Bir meslekte, zaman ve çalışma ile elde edilen aşama, başarı ve uzmanlık olarak tanımlamak mümkün. Yaşamımız boyunca yaptığımız tüm çalışmaların bütünü, kariyer olarak karşımıza çıkıyor. Üstlendiğimiz roller, görevler, bu görevlerin deneyim ile sonuçlanmasına denilebilir. Ancak kariyer edinmenin sadece tek yolu bu olmasa gerek. Zira kariyer her ne kadar mesleki edinimleri kapsıyor olsa da bunu yanında ilkesel bakış açısı, dürüst bir kişilik, korumak ve kollamak maksadı, fayda ve etik kurallar bütünlüğü, ahlaki değerler ve “ahilik” anlayışını da içerisine alan kapsayıcı bir nitelikte olması gerekmektedir. İnsan karakterinin ve insani değerlerin oluşmasında bazı temel değerlerimizin olduğunu çoğu zaman unutuyoruz. Biz atalarımızdan süregelen mesleki kariyer ve yetkinlik anlayışının temelinde inanç, ahlak, toplumsal değerler, doğru olan gelenek ve göreneklerimizin çok etkin olduğunu bilmekteyiz. Bunu en önemli yansımalarından birinin “ahilik” anlayışının temel bir öge olarak alınmasından anlıyoruz.
Ahilik 13. yüzyılda Anadolu’da görülmeye başlayan, Osmanlı Devleti’nin kurulmasında önemli rol oynayan dinî ve sosyal bir teşkilattır. Ahiliğin Anadolu’da kurulup gelişmesinde fütüvvet teşkilatının büyük tesiri ve Ahi Evran’ın önemli rolü olmuştur.

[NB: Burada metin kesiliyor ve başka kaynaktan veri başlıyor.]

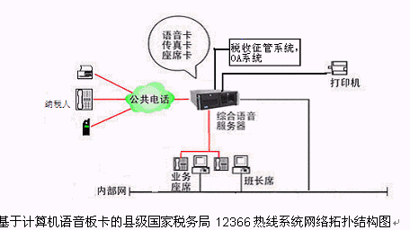對于縣級國家稅務(wù)局12366多媒體納稅服務(wù)熱線系統(tǒng),則建議使用基于計算機語音板卡的方式,可以減少投資,同時具有良好的系統(tǒng)性能;對于地市級-縣級國家稅務(wù)局12366多媒體納稅服務(wù)熱線系統(tǒng),可選用排隊交換機作為語音接入設(shè)備,以保障系統(tǒng)的高可靠性和穩(wěn)定性;大大提高了系統(tǒng)的適應面。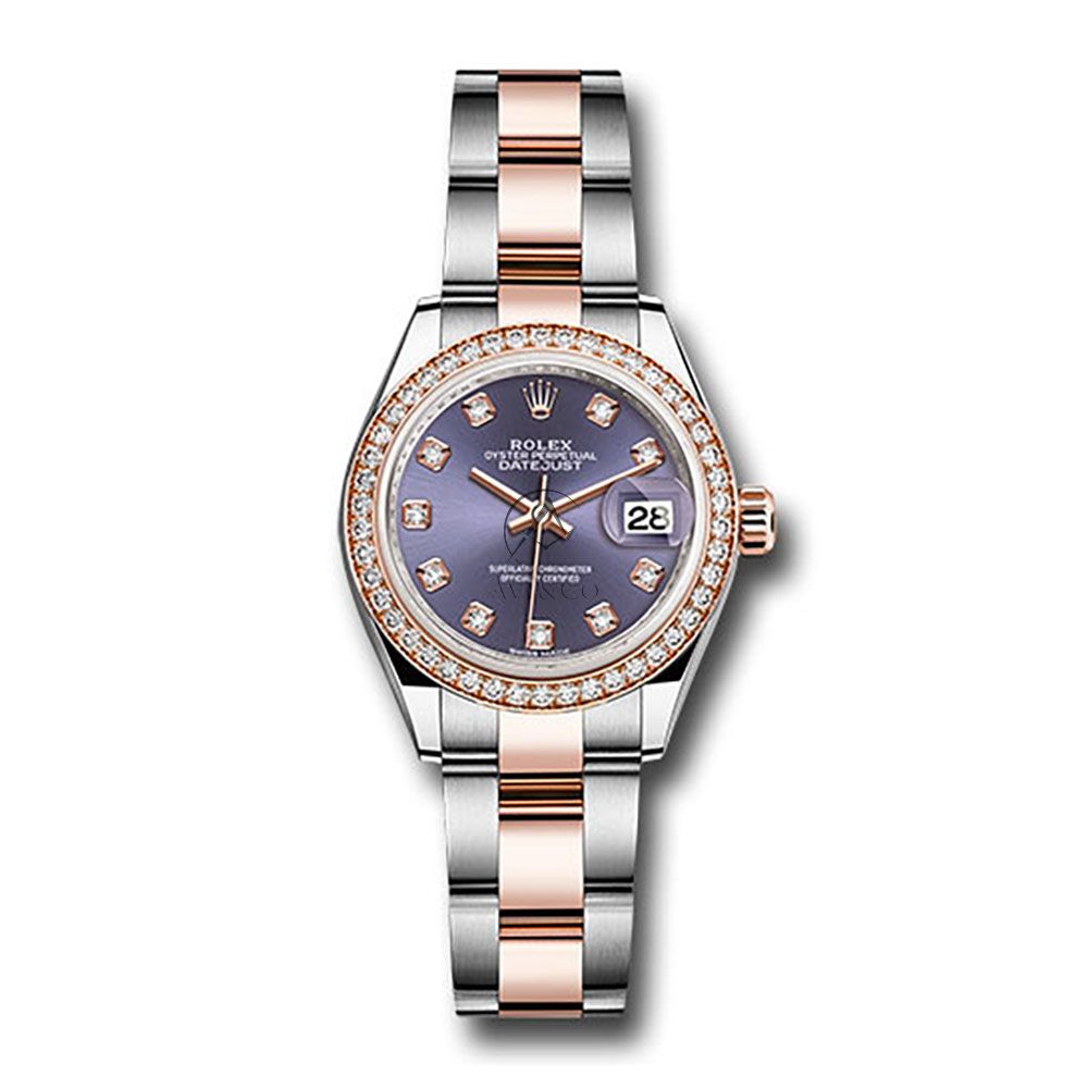 The Lady Datejust 28 is a charming watch with aubergine diamond dial that strikes the perfect balance between romantic and functional. The two-tone rose gold and steel 28 mm case is assembled with a diamond bezel and screw-down crown. This timepiece is powered by the 2236 caliber with a 55-hour power reserve.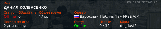 Играет на Counter Strike 1.6 сервере. Страна: РоссияПервый раз замечен 12:29 21.01.2026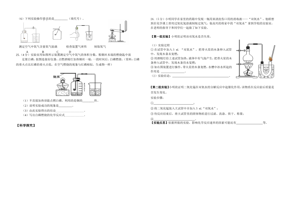 2018-2019第二学期初二年级化学期中考试试卷班级_______姓名_______考场座位号_______第一部分选择题(共20分,每小题只有1个选项符合题意。每小题1分)1.通过实验测定了空气组成的科学家是A.门捷列夫B.达尔文C...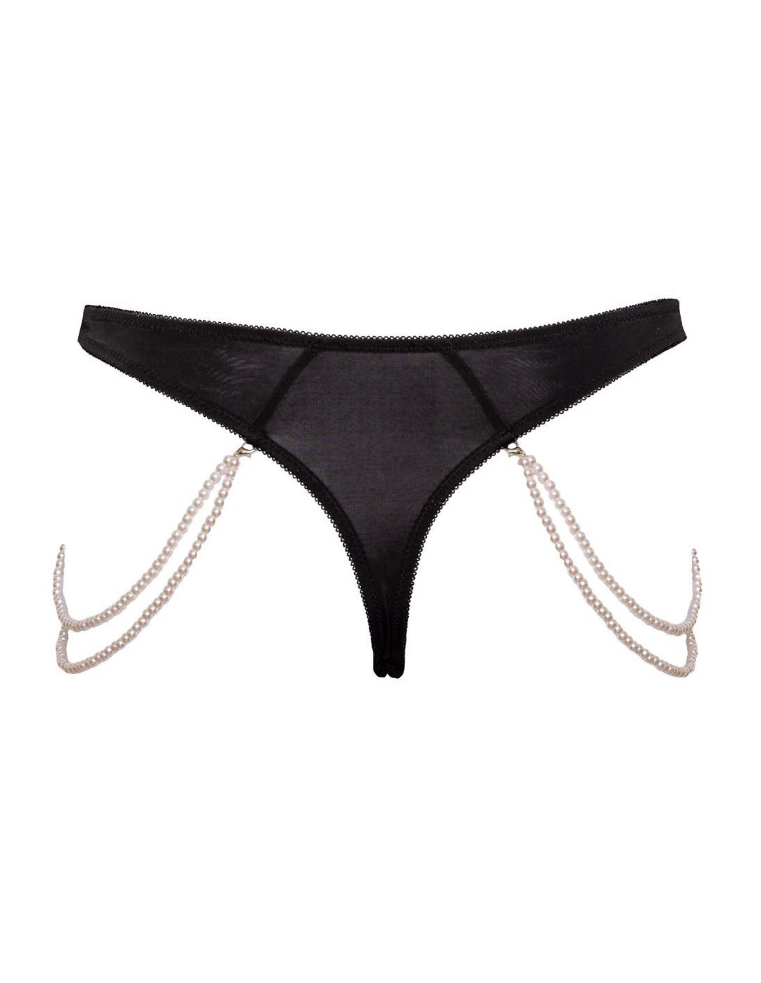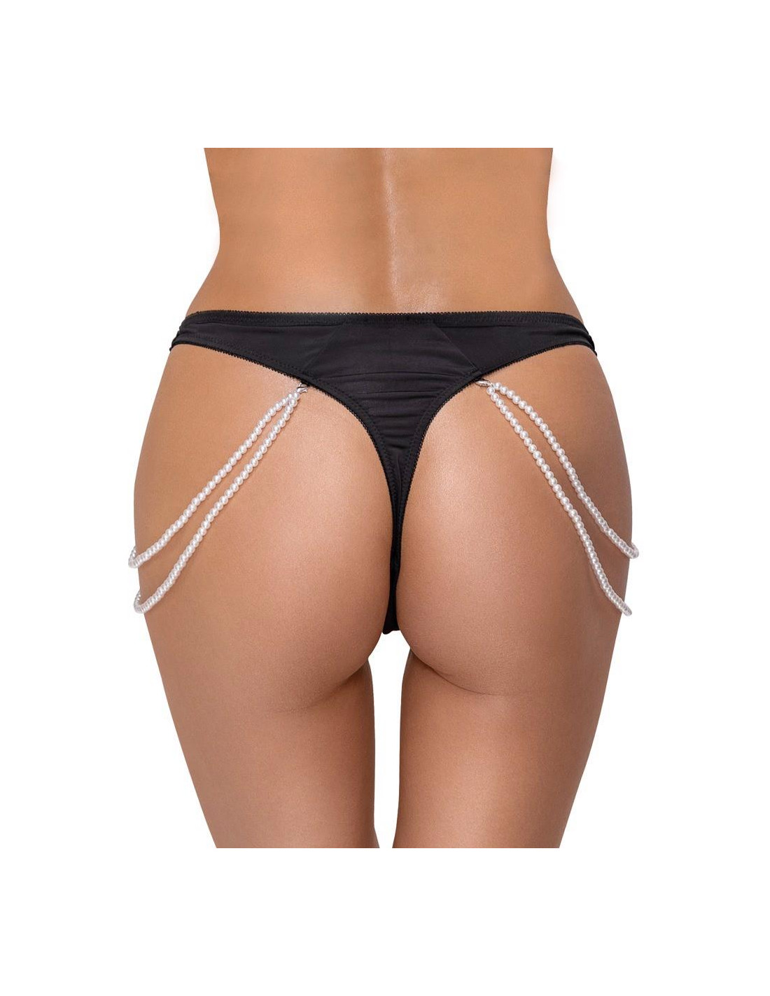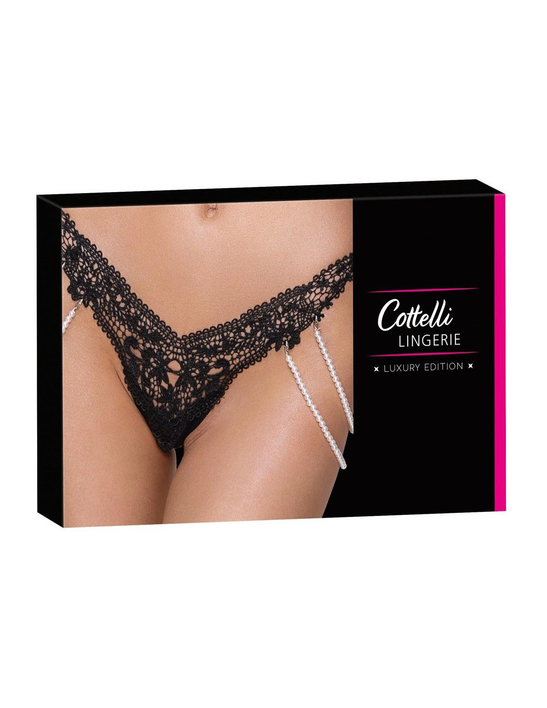Cottelli CollectionStringi Rio marki Cottelli LINGERIE wykonane z cennej haftowanej koronki (przód) połączonej z elastycznym materiałem dopasowującym się do kształtu ciała. Po obu stronach elastyczny podwójny łańcuch z pereł, który można całkowicie odpiąć dzięki małym karabińczykom.
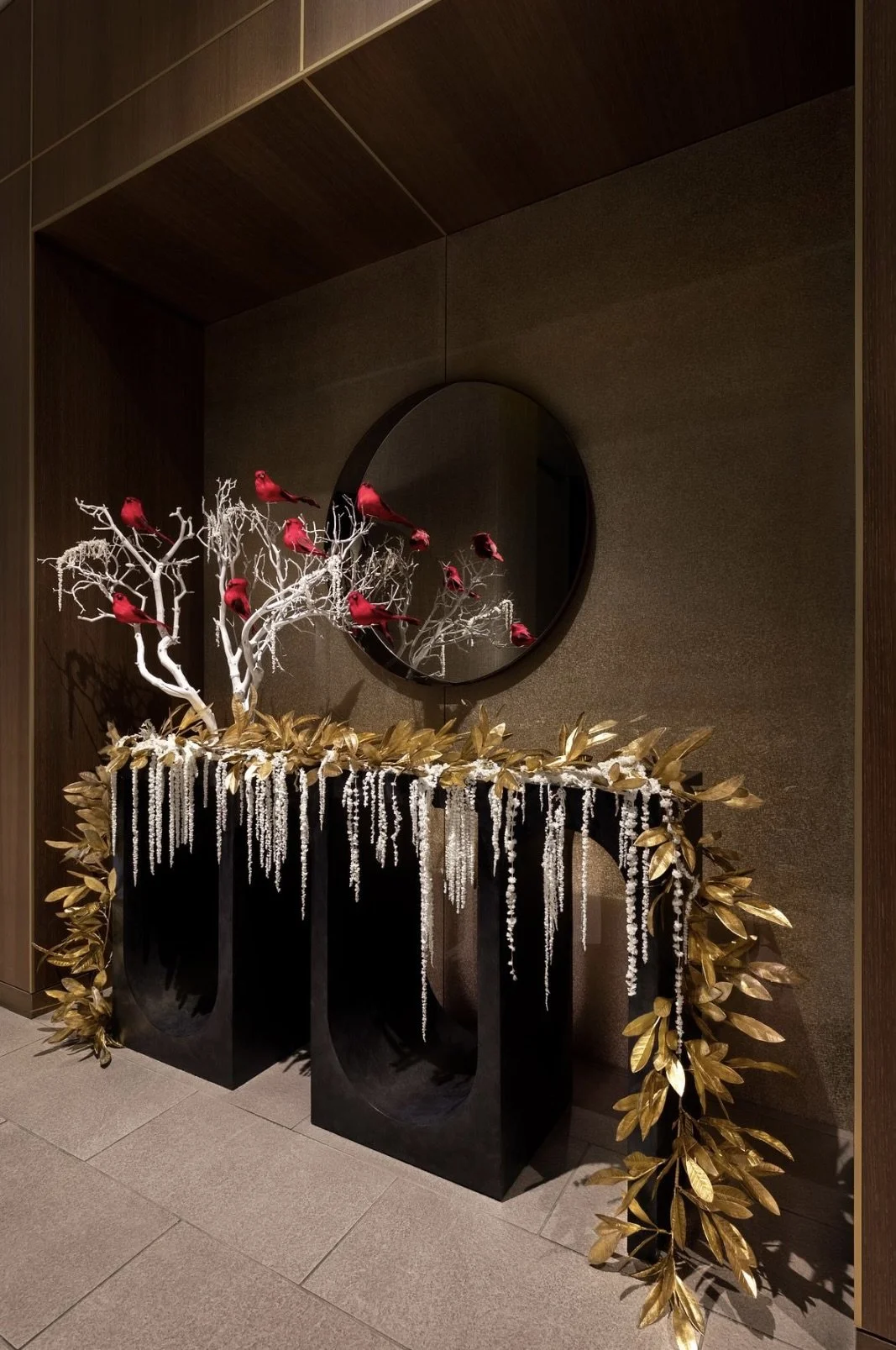 When designing for the holiday in a corporate space it's good to be considerate of those who want to enjoy the space, but don't celebrate Christmas. To achieve a holiday look without being centered on religion, I thought about how this time of year makes me feel.
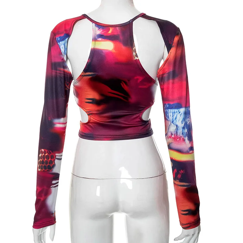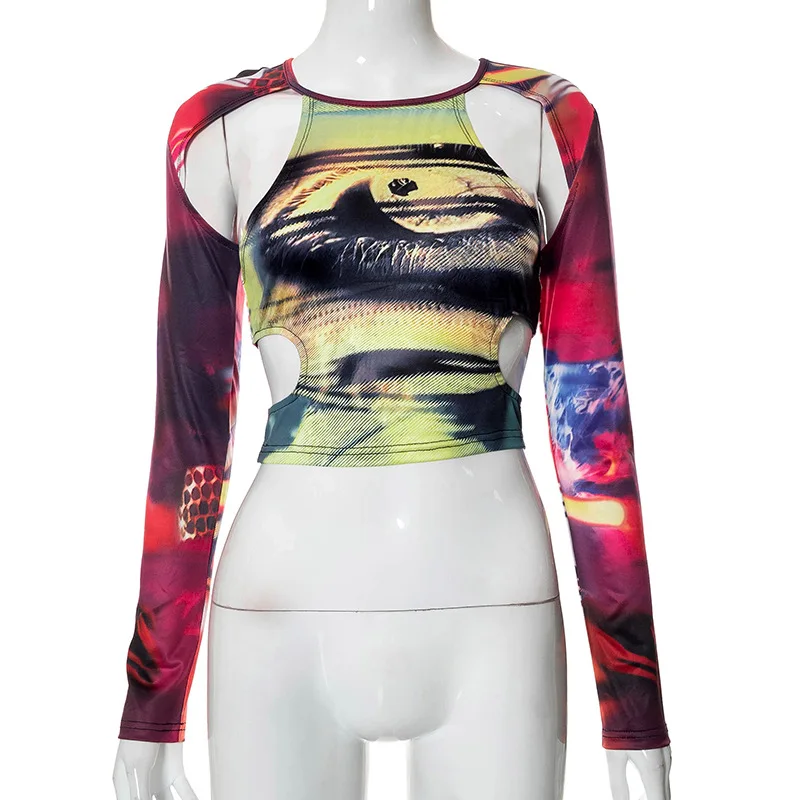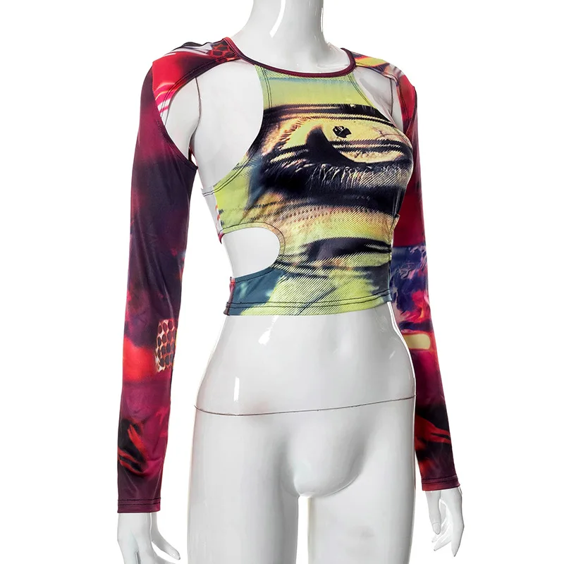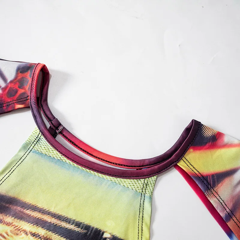 C2417 Wholesale of new fashion printed long sleeved T-shirts for women's tight fitting T-shirts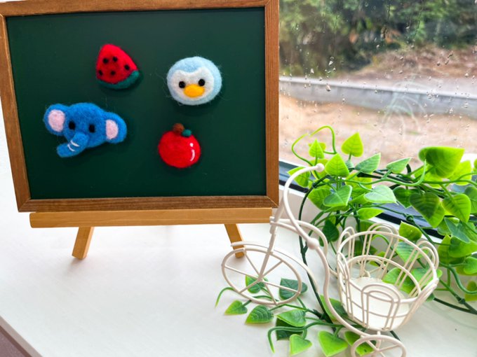 3 12 おはようございます☀ 今日は天気がいい!! ちょっと作品を 飾ってみました🧡 なんか可愛い💕←自己満足 #ハンドメイド #羊毛フェルト #子ども用 #マグネット #ゾウ #りんご #ペンギン #りんご 22/06/23 08:08
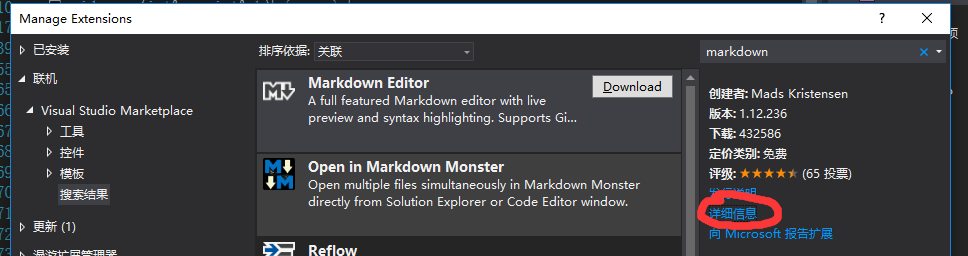 后来发现点右边的详细信息能够直接跳转到微软的介绍页上,这里也可以点击下载扩展,这时候用浏览器下载或者是什么迅雷之类的就随你喜欢了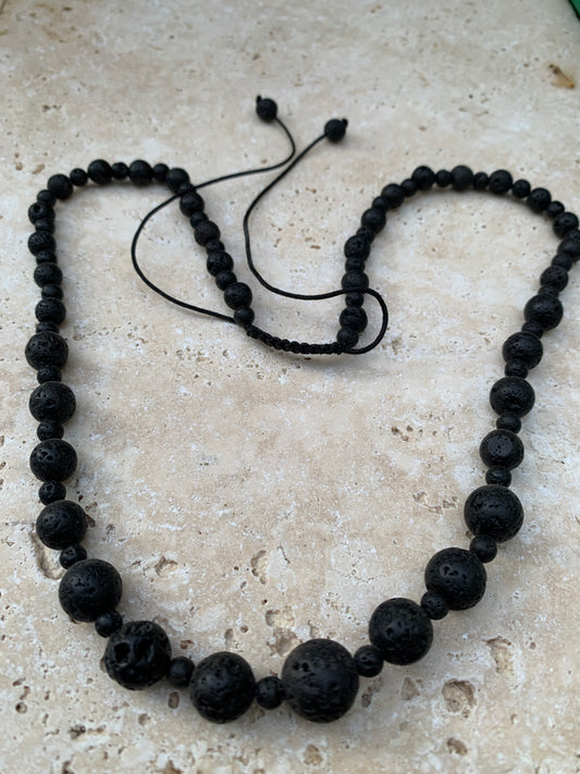 Pierre de lave, 'collier/ chute de perle', de forme ronde de 4 à 10 mm -50 cm. Fermeture coullissante. très belle pièce !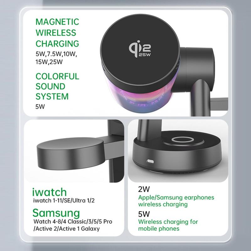 QI2.2 25W magneettinen langaton latausasema Bluetooth-kaiuttimella ja RGB-valaistuksella - 3-in-1-latauslaite puhelimelle, kuulokkeille ja älykellolle.
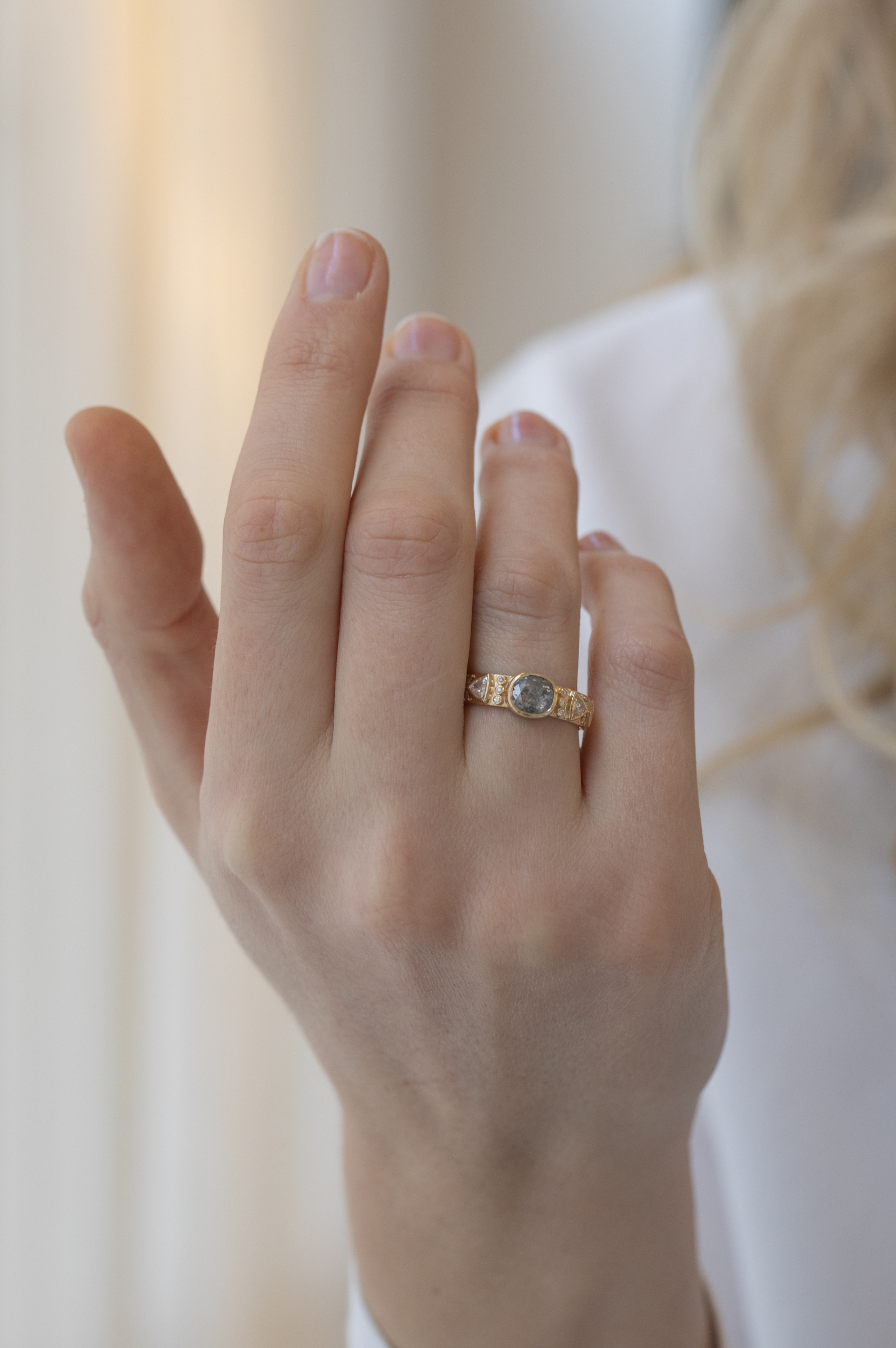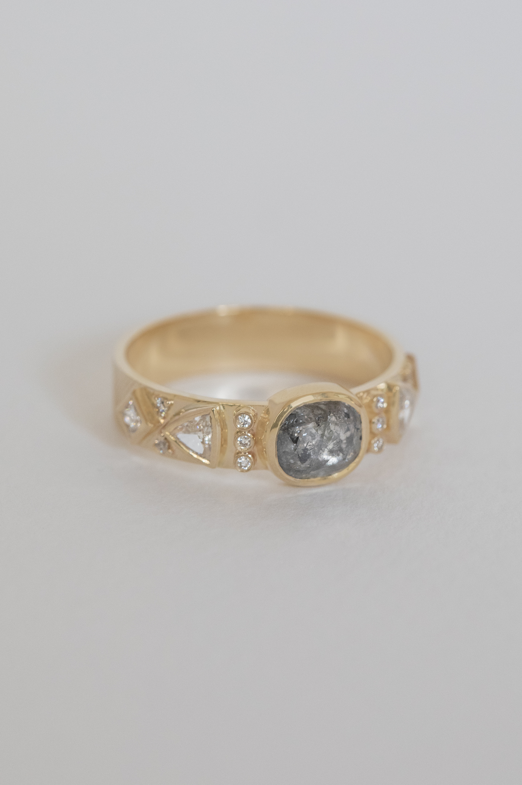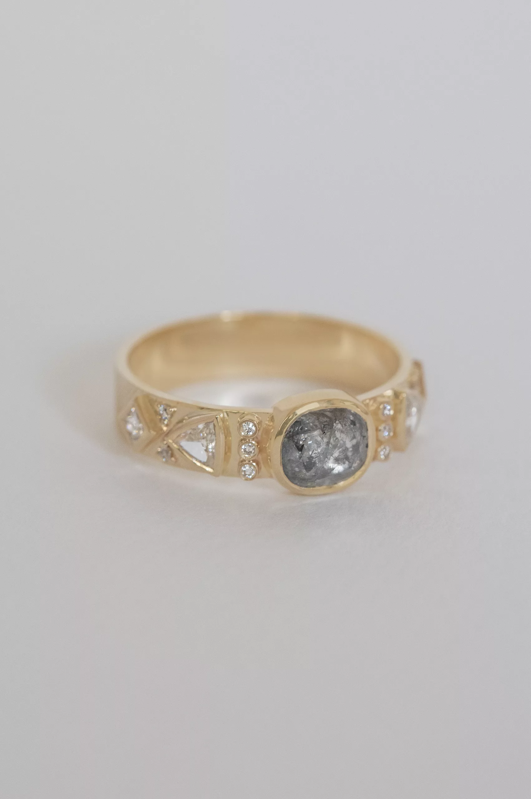 Celine Daoust 14k light yellow gold ring with one grey Diamond surrounded with diamonds details. The stone comes in gradient of grey.

İslami anlayışa doğrudan bağlı olan ahiliğin esasları, ahlaki ve ticari kaideleri fütüvvetnâme adı verilen kitaplarda yazılı idi. Teşkilata girecek kimse ilk önce bu kitaplarda belirtilen dinî ve ahlaki emirlere uymak zorunda idi. Teşkilat mensuplarında bulunması gereken vasıflar vefa, doğruluk, emniyet, cömertlik, tevazu, kardeşlerine nasihat, onları doğru yola sevk etme, affedici olma ve tövbe idi. Yalan, gıybet, hile, şarap içme, zina gibi davranışlar ise meslekten atılmayı gerektiren sebeplerdi. Bu hususta Hz. Peygamber (s.a.v)’in emir ve tavsiyeleri de yer almaktadır.
“Ancak müminle arkadaş ol yemeğini de ancak (haramdan sakınan) kimse yesin.”
Büyüklerimiz ne güze buyurmuşlar:
İnsan bir mal alırken markasına bakar ve iyi olup olmadığını araştırır. Kişi, arkadaş edineceği kimsenin kâmil bir iman ve güzel ahlak sahibi olup olmadığını, ibadetlerine devam edip etmediğini araştırmalıdır. Sayılan meziyetlerden mahrum bir kimseyi dost edinmek, bizim de ibadetten soğumamıza ve güzel ahlaktan uzaklaşmamıza sebep olur.
Arkadaş olarak seçtiğimiz kimse, temiz seciyeli ve ileriyi gören bir mümin olmalı; konuşması ya bizi hakka yöneltmeli veya kötülükten vazgeçirmelidir. Tetkik etmeden, her önüne geleni dost edinmemelidir. Zira başa gelen felaketler, çok kere arkadaş yüzündendir. Ne güzel söylemişler:
Mizana vur görüştüğüm ihvanı el-hazer,
Rehber zannettiğin rehzen olmasın…
Hülasa kimlik bilinci ile atalarımızdan tevarüs eden inanç ve değerler silsilesi içerisinde yapılacak olan tüm kariyer çalışmalarımız sosy-ekonomik olarak başarılı olacak ve toplumsal örneklik açısından bir değer katacaktır. Aksi halde alınacak hiçbir unvan ve mesleki deneyimin kıymeti harbiyesi olmayacaktır.